Monday, Mar. 29, 1948

Struggle for Survival

TEN YEARS FROM Now a divided, stunned and defeated U.S. may be trying to adjust itself to a Communist-ruled world.

TEN YEARS FROM Now a weary, mangled and victorious U.S. may be trying to salvage what it can from the radioactive wreckage of the world.

TEN YEARS FROM Now a busy, peaceful U.S. may be helping to push forward the frontiers of freedom everywhere in the world.

The problem for Americans is how to make the second alternative more likely than the first, and the third more likely than the second. Almost certainly, in those ten years, some Americans will die fighting --perhaps a few score, possibly millions. Almost certainly, billions of dollars will be poured out. There will be no safe course--only choices between dangerous courses.

That is the shape of the next ten years--a shape which every decent man wishes were different. It will not be changed by wishing.

The Girl, the Bishop & the Bomb. This decade of struggle for the survival of freedom might or might not include a war between the U.S. and Russia.
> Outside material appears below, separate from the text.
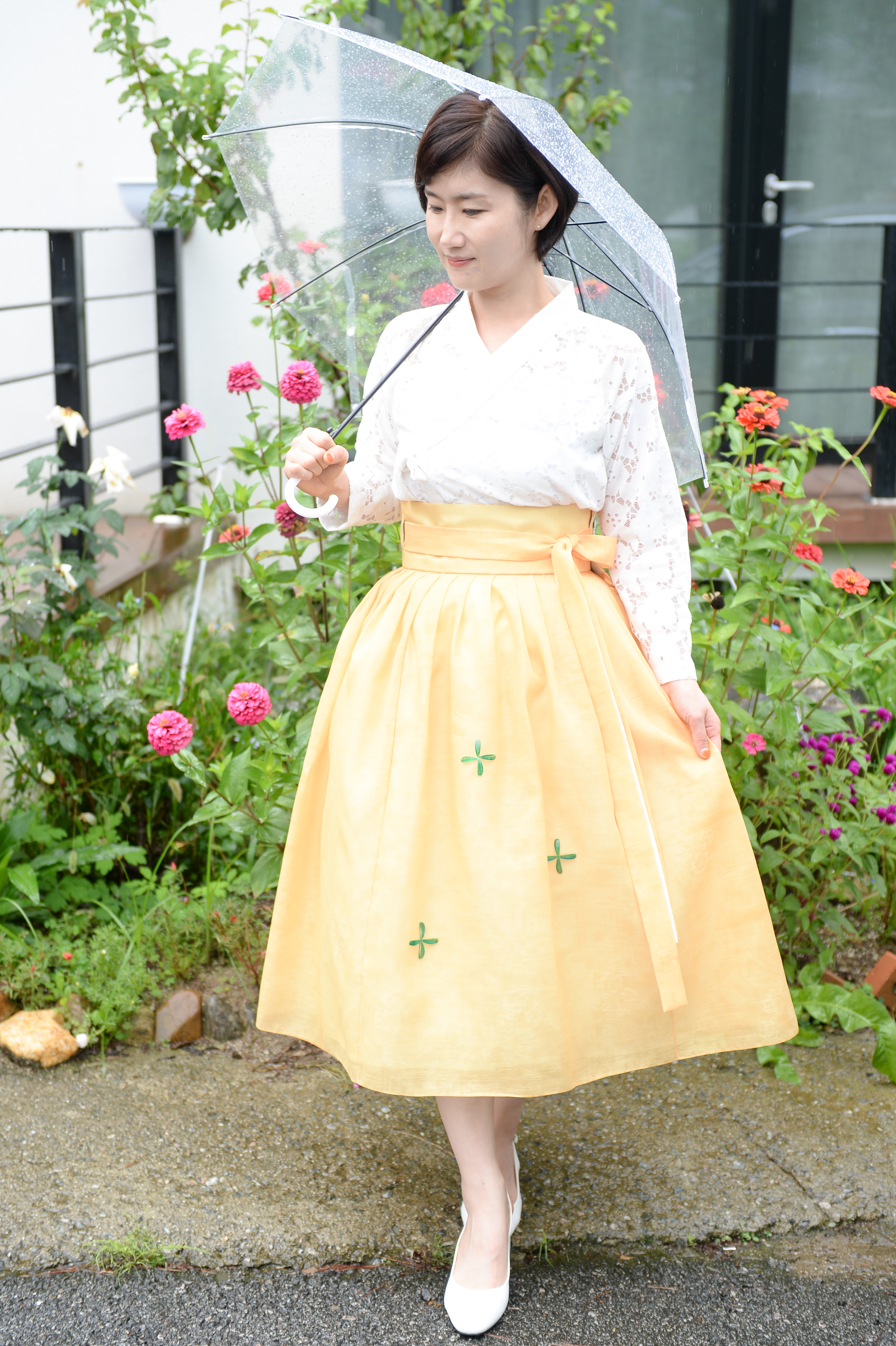 한복 치마를 리폼해서 만든 노란색 허리치마를 입고 외출을 했다.

Even if there is no war, the struggle will be more "total" than World War II. The stakes are bigger, the danger is greater, the battlefronts are broader. Not all the weapons are military. Last week, for instance, brought two stories (one about a girl in Prague and the other about a bishop in Sarajevo) which illustrated a force more important to the security of the U.S. than possession of the atomic bomb.
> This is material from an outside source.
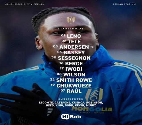 富勒姆首發(fā):1-萊諾、2-泰特、5-約西姆-安諾生、3-巴錫、30-瑞安-塞塞尼翁、16-桑德-貝格、17-伊沃比、8-哈里-威爾遜、32-史密斯-羅、19-丘庫埃澤、7-勞爾-希門尼斯

The girl (name unknown) was attending a meeting of students at Prague's Charles University. A Communist organizer asked the students to express their political opinions. The girl rose and defied him: "The time when debates in this country do any good has passed," she snapped. Her fellow students cheered. Then the Communist tried to get the students to make nominations to one of his "action committees." He turned down as "unreliable" several names suggested. The girl rose again. She asked: "If you are going to select the candidates, why ask us to elect someone?" That broke up the meeting.

The bishop, Varnava Nastich, was born 36 years ago in Gary (Ind.). In the nine years he lived there before going to Serbia, whence his parents had come, he breathed in the spirit of freedom along with Gary's stench and soot. In Serbia, Nastich worked against Tito's Communists and was brought to trial despite his position in the Orthodox Church, which the Communists cuddle. Here is part of his interrogation by three half-literate Montenegrin judges:

Q. What do you have to say?

A. All your accusations are inventions and false. I tell you, I am not afraid. You may kill me, but that is not important. The Serbian people are against you and all the civilized world despises you. You have already lost the war.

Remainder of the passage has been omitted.